Jameson, Anna Brownell

Jameson, Anna Brownell (née Murphy) (b Dublin, 17 May 1794; d London, 17 Mar. 1860).
British writer, daughter of an Irish miniaturist, Denis Brownell Murphy (d 1842), who moved to England in 1798. She married a barrister, Robert Jameson, in 1825, but they soon separated. By this time she was already a successful author and for the rest of her life she kept up a prodigious and varied literary output. Her most famous book is probably Characteristics of Women (1832), later retitled Shakespeare's Heroines; it is illustrated with her own etchings and dedicated to the actress Fanny Kemble, one of her many famous and influential friends.
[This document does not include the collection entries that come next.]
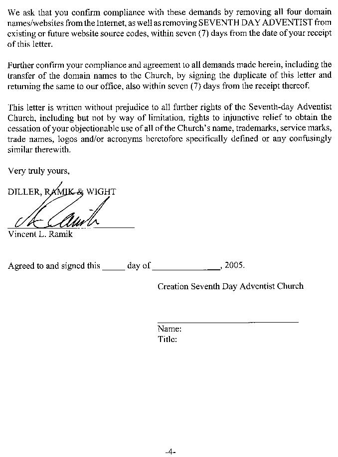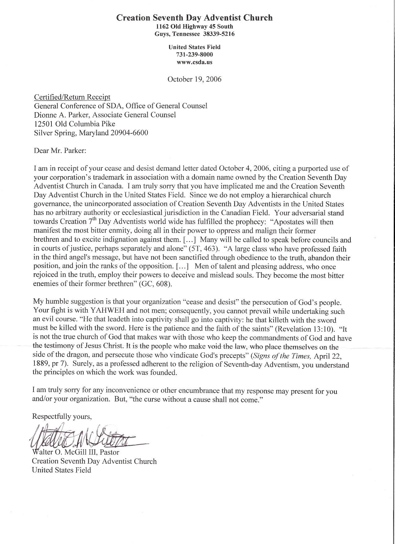 Timeline of Legal Updates (Oldest first) Letter of demand to owner of Davidian SDA domain names:Page 1 Page 2 Page 3 Page 4Update 07/19/05: It has been revealed to us that the General Conference Corporation of Seventh-day Adventists has begun to move forward with their expected legal persecution of the Creation Seventh Day (and) Adventist Church. A letter has been drafted, but not yet received by our members, which follows the same mode of delivery as was undertaken in the above-mentioned letter to the Davidian, and the previous letters of demand that have been sent to various other Adventist believers over time. With prayer, and by the grace of the Almighty, we will stand in the face of this great evil, and witness for the purity of the Faith of our Savior.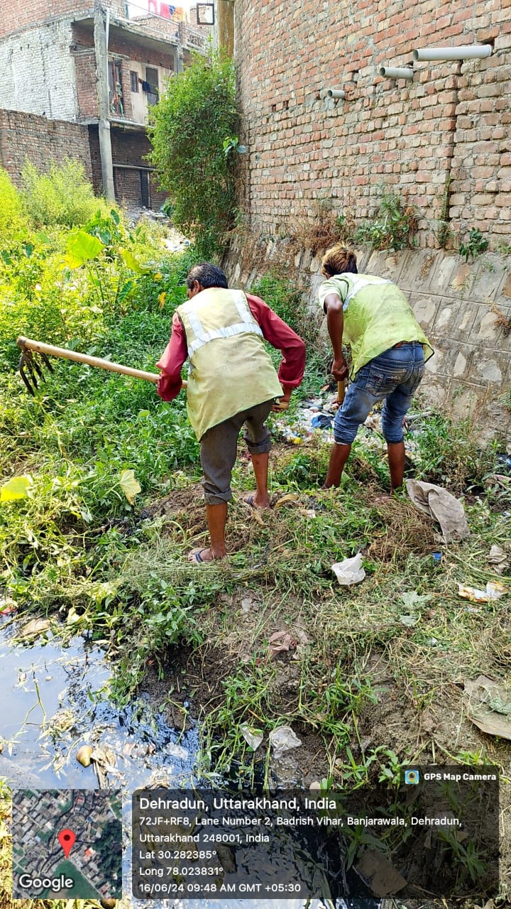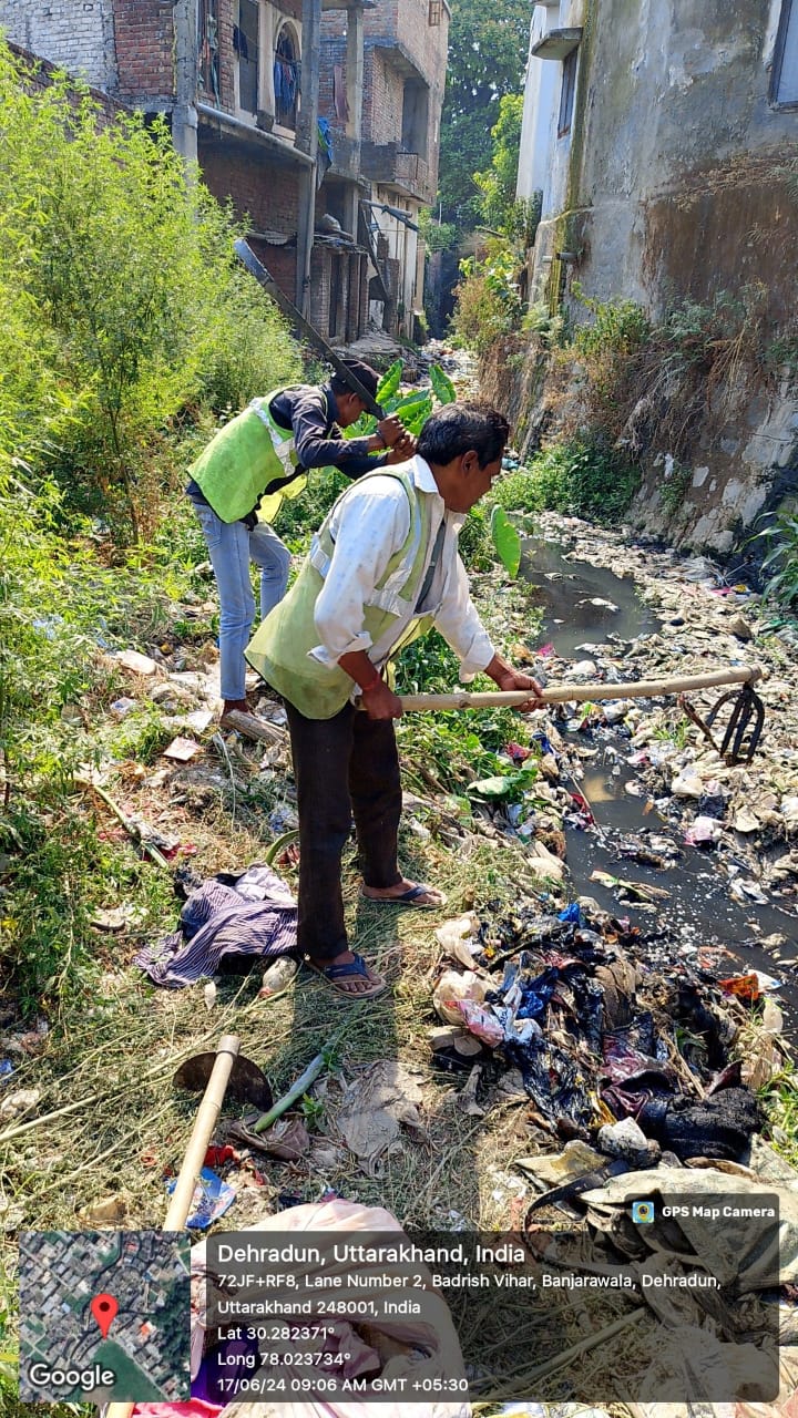 जिलाधिकारी के निर्देशों के अनुपालन में नगर निगम देहरादून द्वारा नालों एवं नालियों की सफाई निरंतर गतिमान है। आज नगर निगम क्षेत्रान्तर्गत ऋषिनगर चुना भट्टा, गोविन्दगढ से दुर्गा डेयरी, भण्डारी बाग से इन्द्रेश हास्टिपटल पुल, चन्द्रमणी शमशान घाट नाला, रक्षा विहार चुना भट्टा, बंजारावाला आजाद विहार आदि स्थानों पर उपकरण एवं पर्यावरण मित्रों के माध्यम से नालों एवं परिसरों की सफाई कार्य गतिमान है।
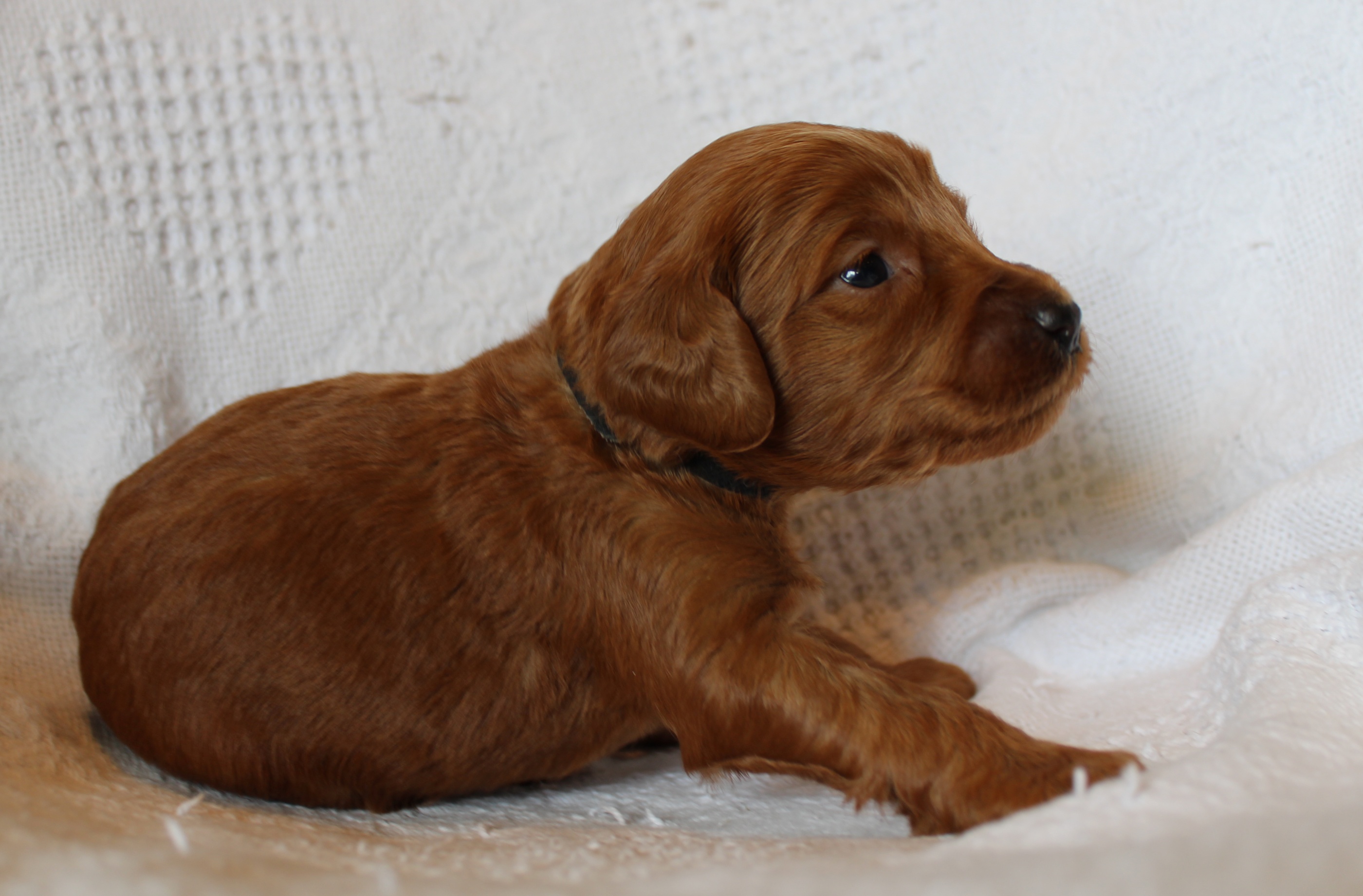 Oh, and one mishap to report. It’s kind of a big one and a first for us here. One of the girls, well, she’s actually not a girl after all. To explain, at this really young age the male parts can look like an umbilical plug. Well, that’s what happened when we examined one of the “girls.” We no longer have a “Holly” in our litter….she’s actually “Hollister” as all parts have now been accurately identified. Sorry for the confusion!
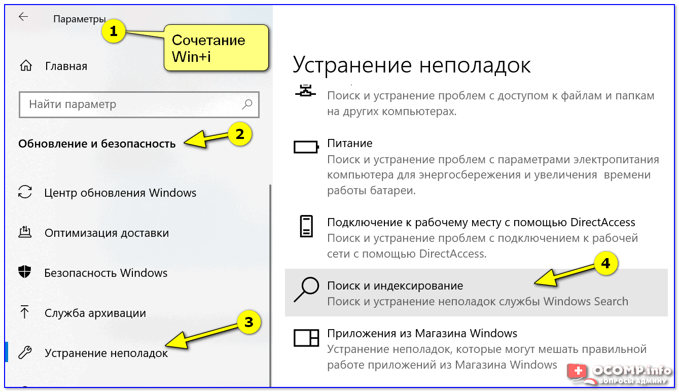 Чтобы его запустить — необходимо открыть параметры Windows (сочетание клавиш Win+i), перейти во вкладку «Обновление и безопасность / устранение неполадок» и кликнуть по инструменту «Поиск и индексирование» .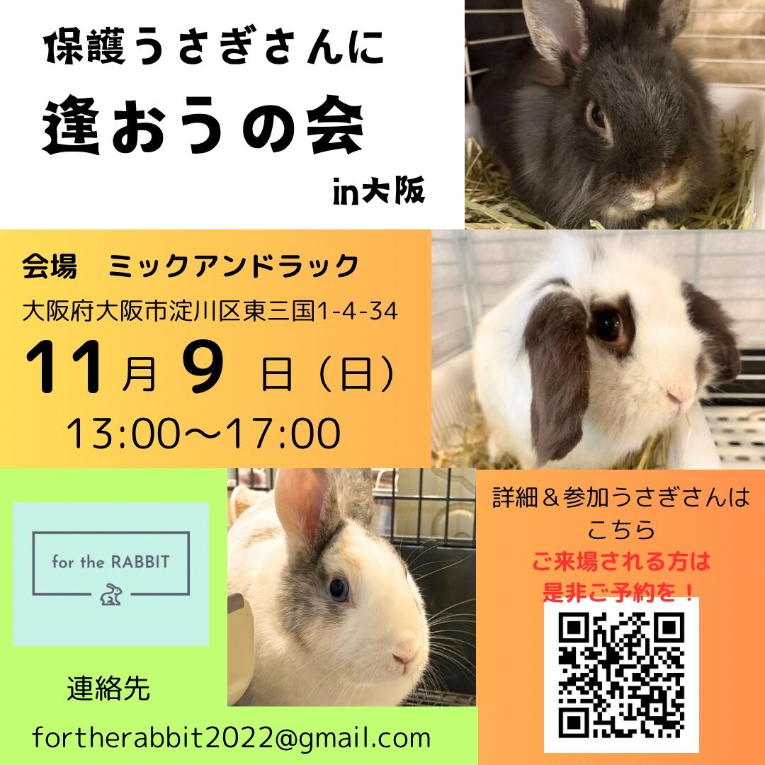 毎月恒例の『保護うさぎさんに逢おうの会in大阪』11月9日開催のご案内です。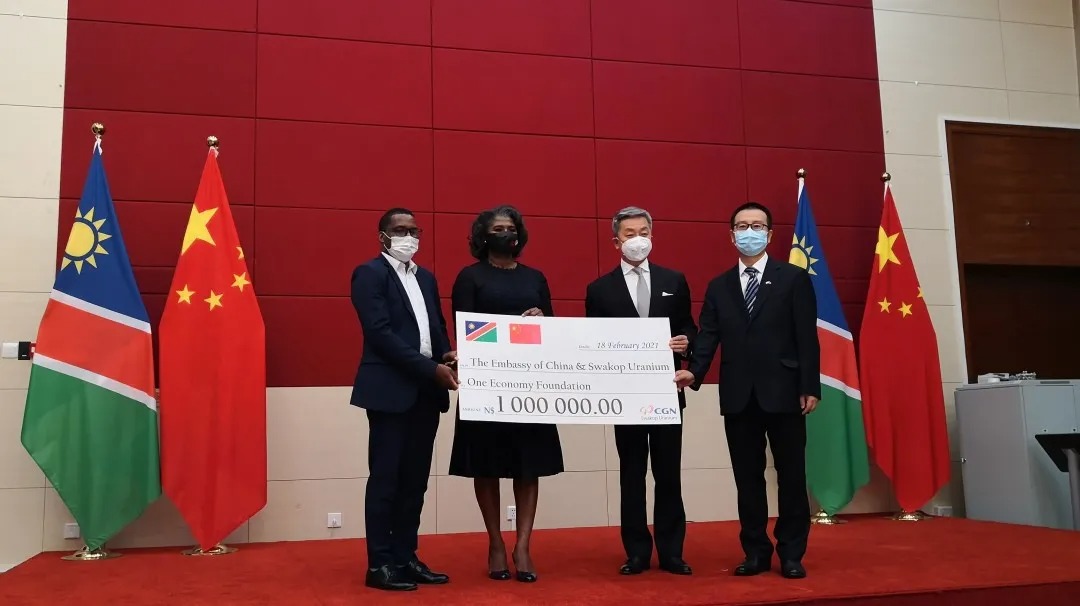 克日,,,,,,,,中广核铀业斯科有限公司(简称“斯科公司”)团结中国驻纳米比亚使馆配合向纳米比亚第一夫人基金会(One Economy Foundation)捐钱100万纳元(约合人民币44万元),,,,,,,,用于外地青少年生长事业。。。。。捐钱交接仪式在大使馆举行,,,,,,,,纳米比亚第一夫人根哥布、中国驻纳米比亚大使张益明、斯科公司副总裁邱斌等加入捐赠仪式。。。。。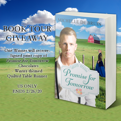 One winner will receive a signed print copy of Promise for Tomorrow, chocolates, and a winter-themed quilted table runner (US only)Ends February 26, 2020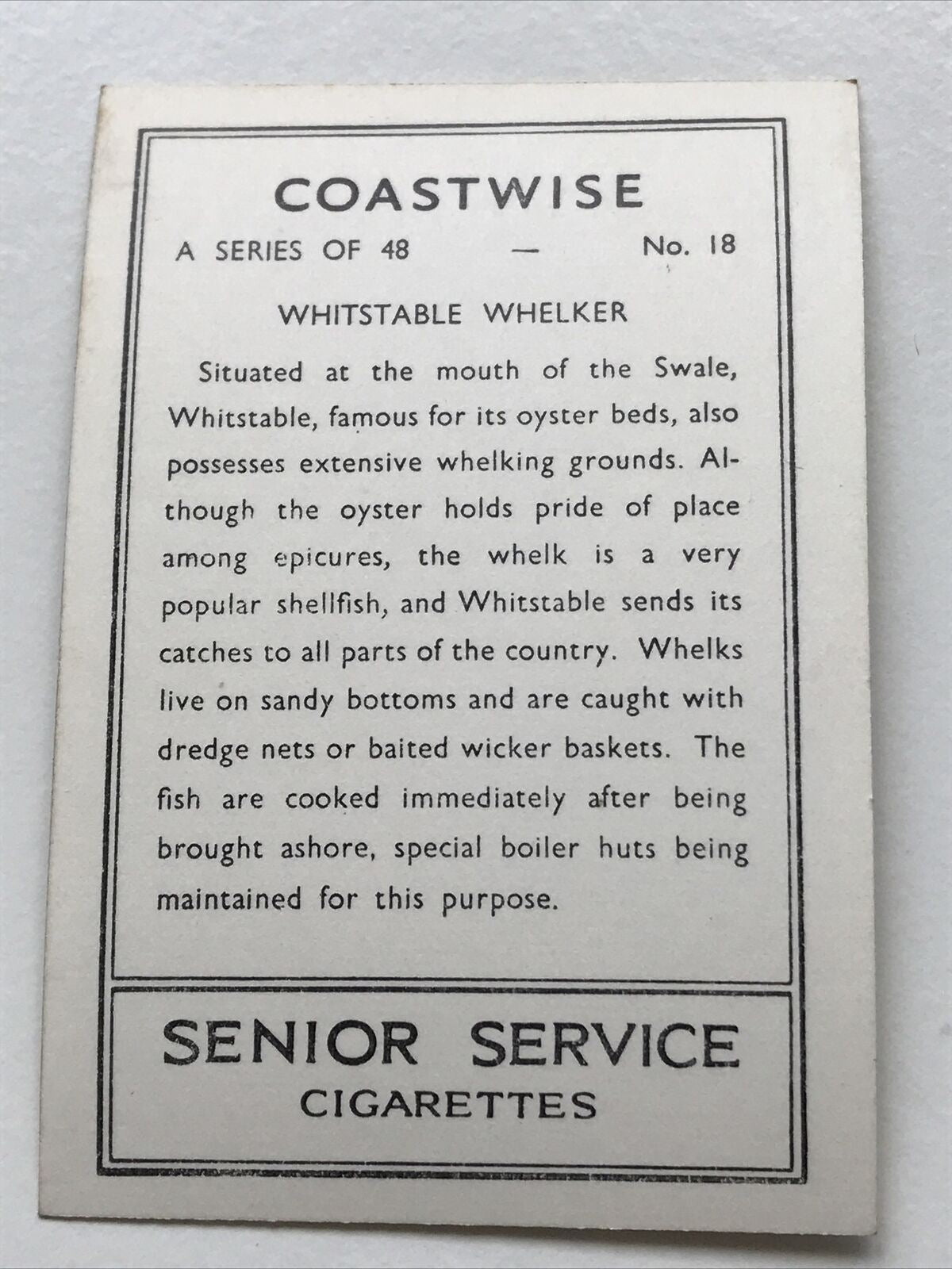 Vintage Photo Cigarette Card 1939 1930s Whitstable Whelker Senior Service No. 18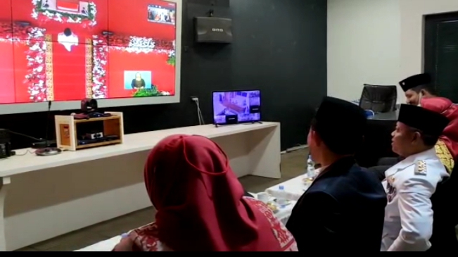 BALAINEWS.CO.ID, Tanjungbalai – Pelaksana tugas (Plt) Wali Kota Tanjungbalai Waris Tholib bersama Plt Ketua TP PKK Tanjungbalai Fatiah Haitami mengikuti Upacara Peringatan Detik-detik Proklamasi Hari Ulang Tahun (HUT) ke-76 Kemerdekaan Republik Indonesia (RI) di Istana Negara Jakarta secara virtual dari ruang Command Center Diskominfo, Kantor Wali Kota, Selasa (17/08/2021) pagi.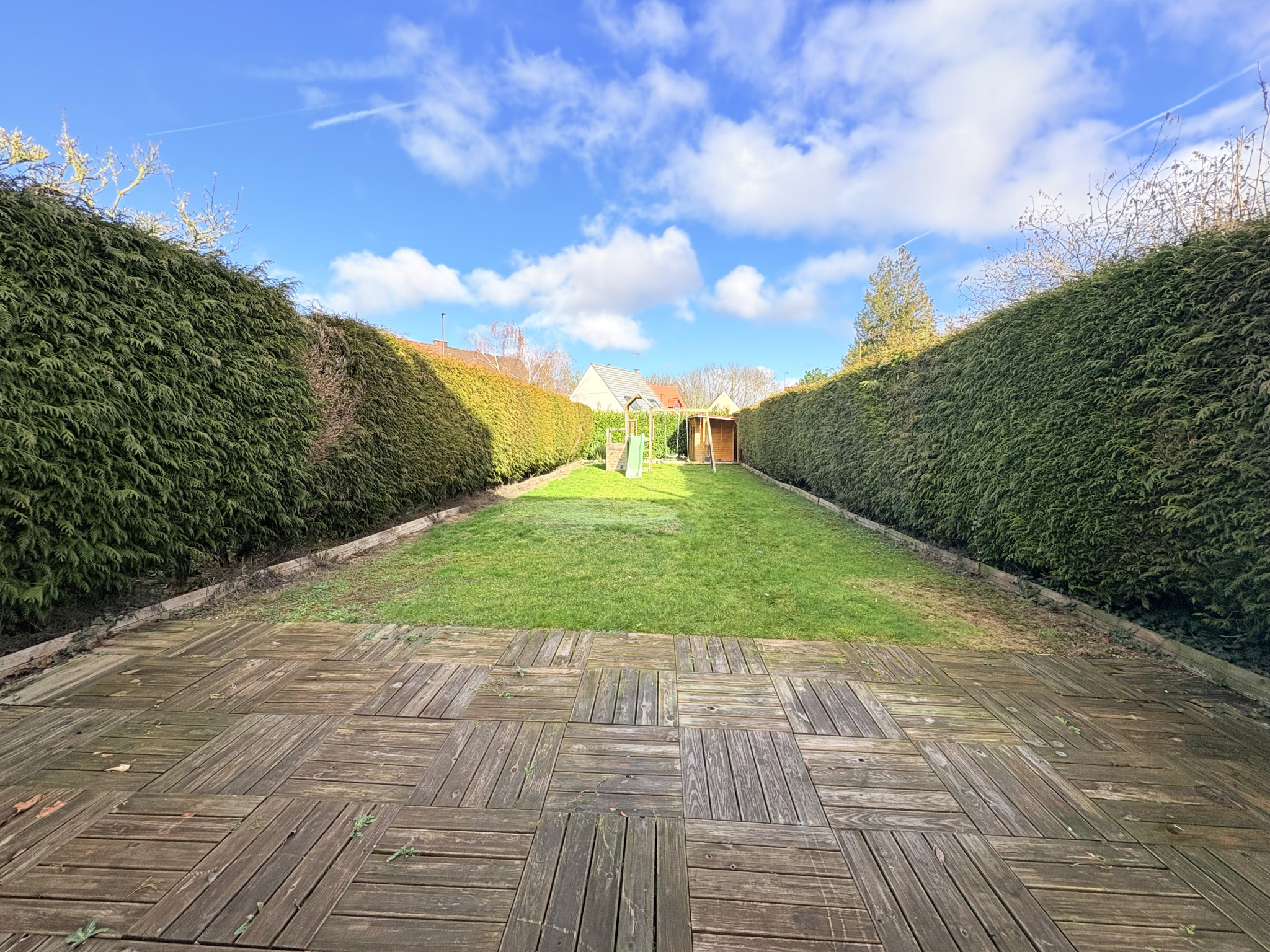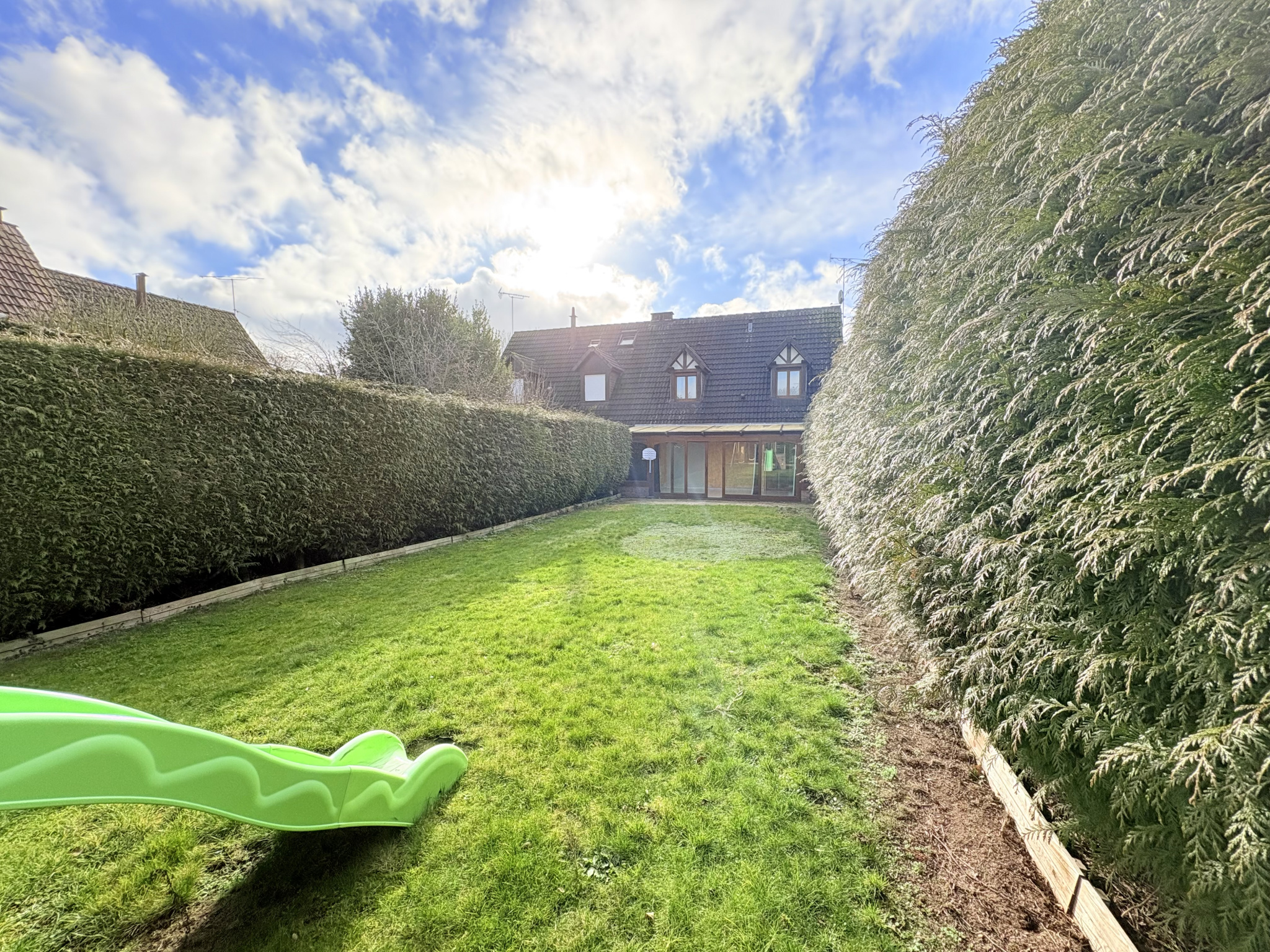 A l'éxterieur vous découvrirez une belle terrasse et un beau jardin entiérement clôturé, idéal pour vos belles soirées d'été!

In the last two decades of her life her writings were mainly on art and she has been described as the first professional English art historian. Her first major book in the field was A Handbook to the Public Galleries of Art in and near London (1842). She modestly said it ‘ought to have fallen into the hands of Dr Waagen, or some such bigwig, instead of poor little me’, but in fact it is an impressively detailed and accurate work. Her other books include several on Christian iconography, among them Sacred and Legendary Art (2 vols., 1848) and Legends of the Madonna (1852). Although antiquated in certain respects, they are clearly written, full of information, and still useful.